** DATA PROVIDED follows **

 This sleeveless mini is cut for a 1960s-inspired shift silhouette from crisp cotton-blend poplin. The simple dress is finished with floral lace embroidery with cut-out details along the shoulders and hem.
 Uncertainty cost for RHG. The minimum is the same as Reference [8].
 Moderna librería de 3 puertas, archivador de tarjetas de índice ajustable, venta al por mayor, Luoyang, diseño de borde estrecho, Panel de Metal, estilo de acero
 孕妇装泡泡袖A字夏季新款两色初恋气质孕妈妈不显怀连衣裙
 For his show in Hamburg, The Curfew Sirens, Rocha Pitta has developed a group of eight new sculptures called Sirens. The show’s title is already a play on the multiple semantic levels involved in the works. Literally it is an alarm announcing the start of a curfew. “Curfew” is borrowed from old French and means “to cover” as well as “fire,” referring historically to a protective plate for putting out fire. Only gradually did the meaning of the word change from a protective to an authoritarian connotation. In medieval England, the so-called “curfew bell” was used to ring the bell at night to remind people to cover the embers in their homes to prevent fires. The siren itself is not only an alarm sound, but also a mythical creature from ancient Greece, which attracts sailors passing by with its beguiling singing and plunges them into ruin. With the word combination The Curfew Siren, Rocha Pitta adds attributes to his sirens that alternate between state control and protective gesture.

** End of DATA PROVIDED **
** DATA PROVIDED follows **

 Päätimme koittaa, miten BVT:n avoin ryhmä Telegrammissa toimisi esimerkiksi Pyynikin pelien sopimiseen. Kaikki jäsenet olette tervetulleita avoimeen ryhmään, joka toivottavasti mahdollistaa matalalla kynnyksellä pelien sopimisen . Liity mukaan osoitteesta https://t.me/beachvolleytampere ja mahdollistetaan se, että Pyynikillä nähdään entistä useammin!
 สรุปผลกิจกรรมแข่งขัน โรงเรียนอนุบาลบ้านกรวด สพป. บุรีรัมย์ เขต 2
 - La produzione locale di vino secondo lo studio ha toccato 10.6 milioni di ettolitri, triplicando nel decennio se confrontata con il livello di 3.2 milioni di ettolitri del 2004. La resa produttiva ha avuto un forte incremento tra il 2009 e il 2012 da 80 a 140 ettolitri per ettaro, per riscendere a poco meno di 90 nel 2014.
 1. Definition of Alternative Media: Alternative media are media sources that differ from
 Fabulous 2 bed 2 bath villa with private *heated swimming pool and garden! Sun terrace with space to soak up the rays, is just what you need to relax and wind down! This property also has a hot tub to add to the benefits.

** End of DATA PROVIDED **

* **WORK TASK**:
Across the entries above, find the lines with the string "also" and copy them.

* **TASK RESULT**:
 For his show in Hamburg, The Curfew Sirens, Rocha Pitta has developed a group of eight new sculptures called Sirens. The show’s title is already a play on the multiple semantic levels involved in the works. Literally it is an alarm announcing the start of a curfew. “Curfew” is borrowed from old French and means “to cover” as well as “fire,” referring historically to a protective plate for putting out fire. Only gradually did the meaning of the word change from a protective to an authoritarian connotation. In medieval England, the so-called “curfew bell” was used to ring the bell at night to remind people to cover the embers in their homes to prevent fires. The siren itself is not only an alarm sound, but also a mythical creature from ancient Greece, which attracts sailors passing by with its beguiling singing and plunges them into ruin. With the word combination The Curfew Siren, Rocha Pitta adds attributes to his sirens that alternate between state control and protective gesture.
 Fabulous 2 bed 2 bath villa with private *heated swimming pool and garden! Sun terrace with space to soak up the rays, is just what you need to relax and wind down! This property also has a hot tub to add to the benefits.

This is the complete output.